Exercise: Quote the whole listing exactly. Leave the pictures out of your copy.

Provided material:
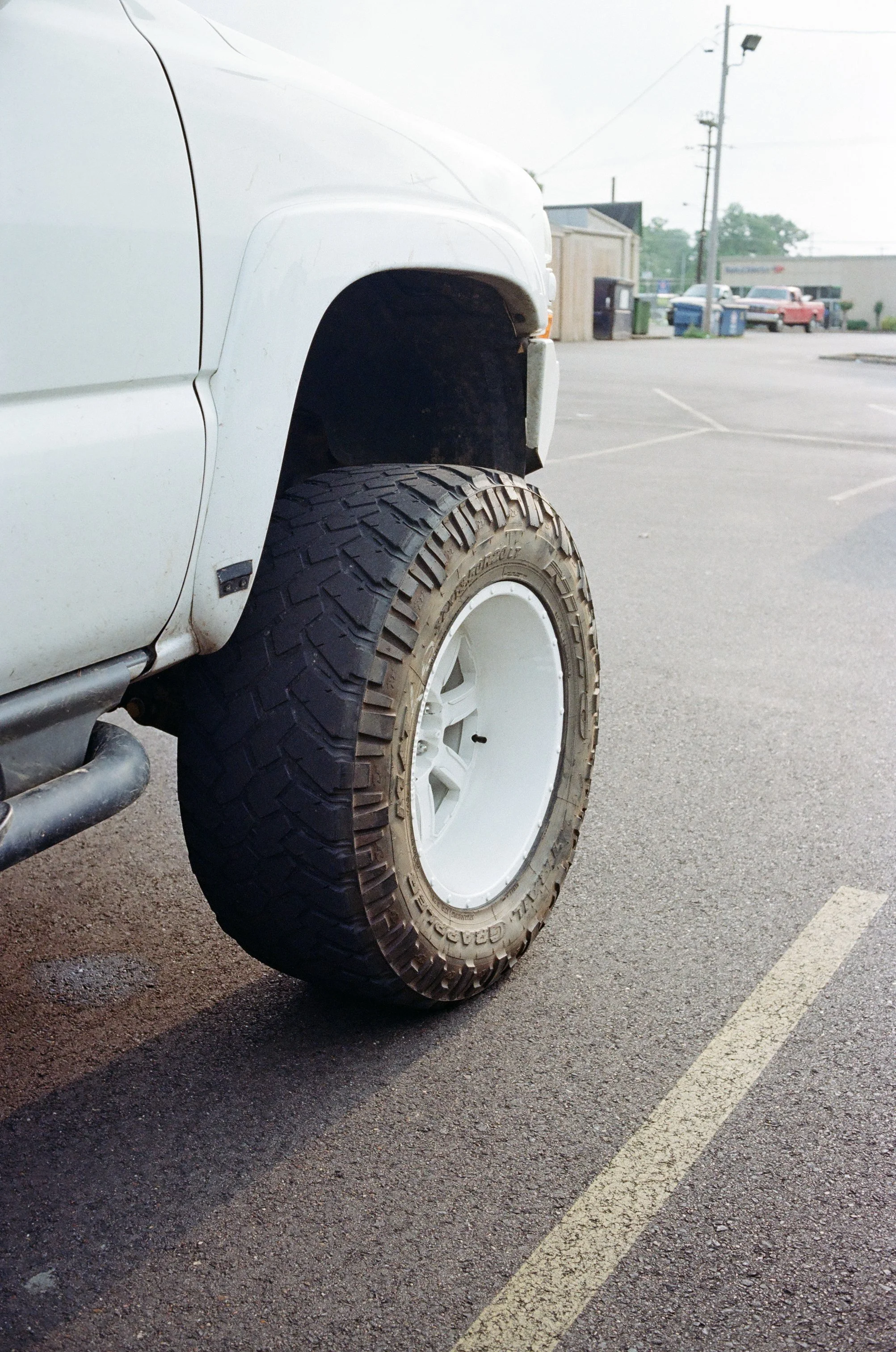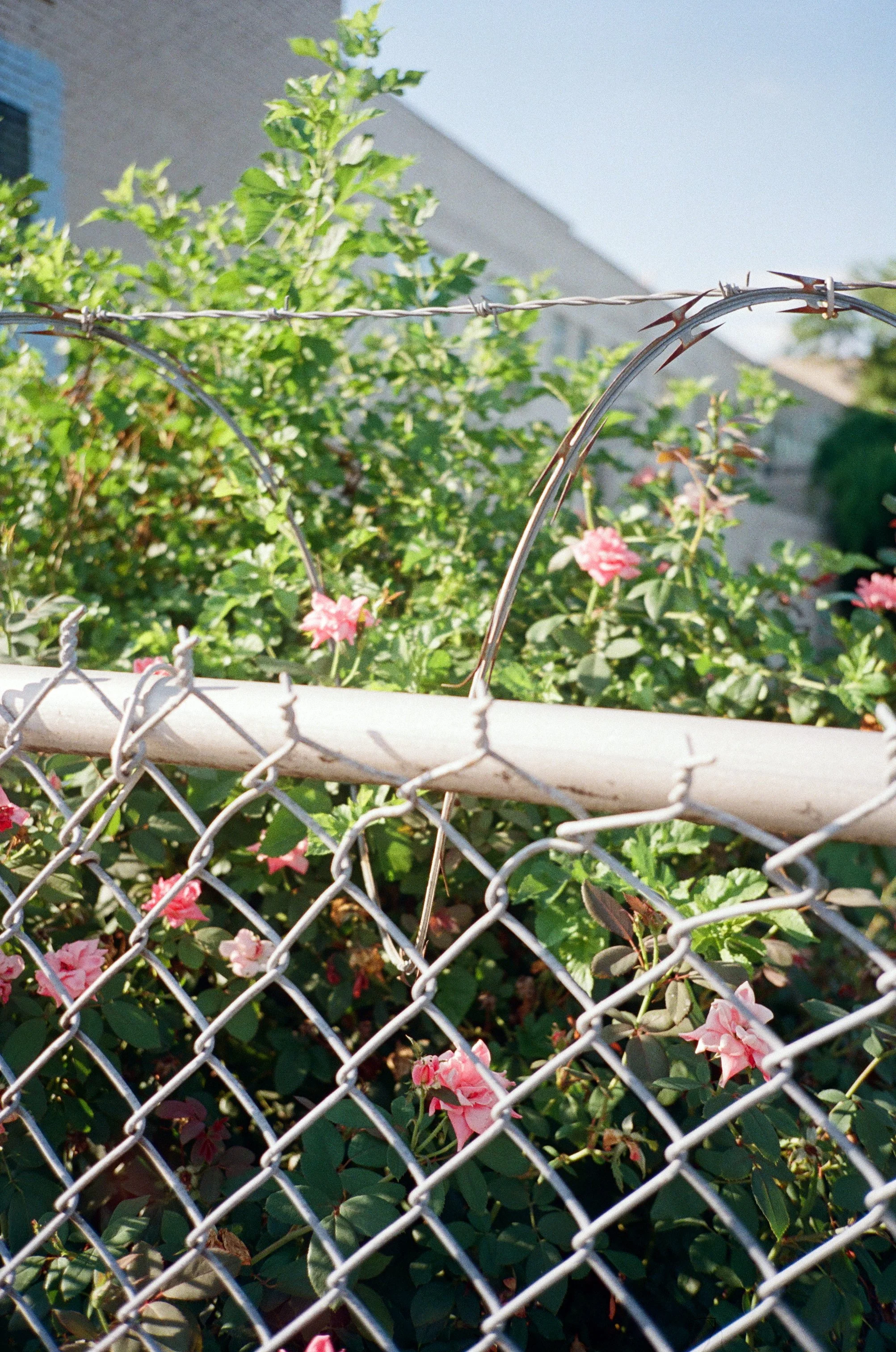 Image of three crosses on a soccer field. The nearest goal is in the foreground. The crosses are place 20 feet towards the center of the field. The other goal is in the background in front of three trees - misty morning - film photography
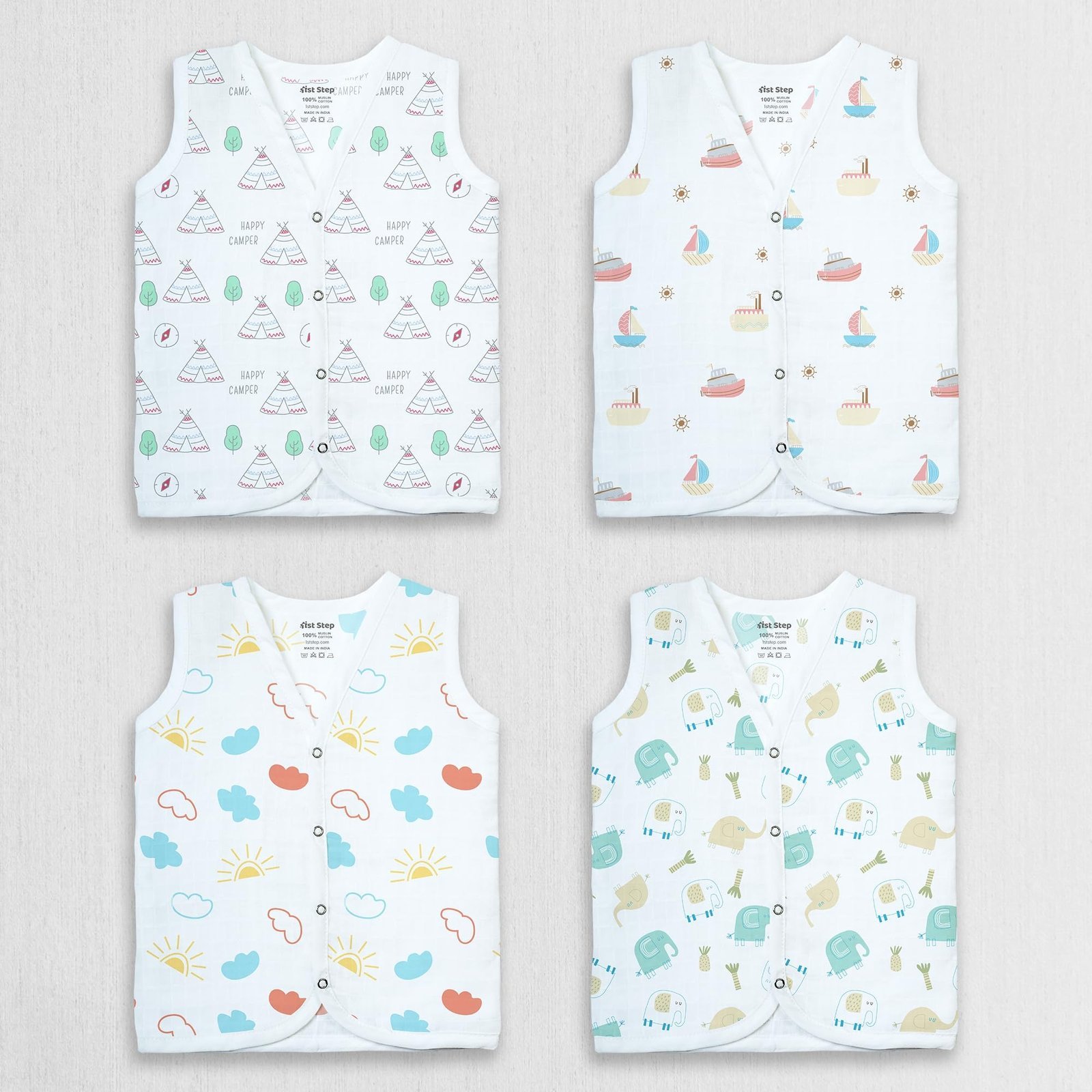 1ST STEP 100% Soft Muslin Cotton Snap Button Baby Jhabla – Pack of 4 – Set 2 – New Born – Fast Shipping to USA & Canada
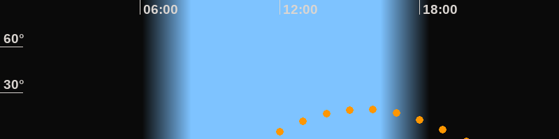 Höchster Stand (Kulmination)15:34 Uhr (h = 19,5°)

Expected answer:
 Image of three crosses on a soccer field. The nearest goal is in the foreground. The crosses are place 20 feet towards the center of the field. The other goal is in the background in front of three trees - misty morning - film photography
 1ST STEP 100% Soft Muslin Cotton Snap Button Baby Jhabla – Pack of 4 – Set 2 – New Born – Fast Shipping to USA & Canada
 Höchster Stand (Kulmination)15:34 Uhr (h = 19,5°)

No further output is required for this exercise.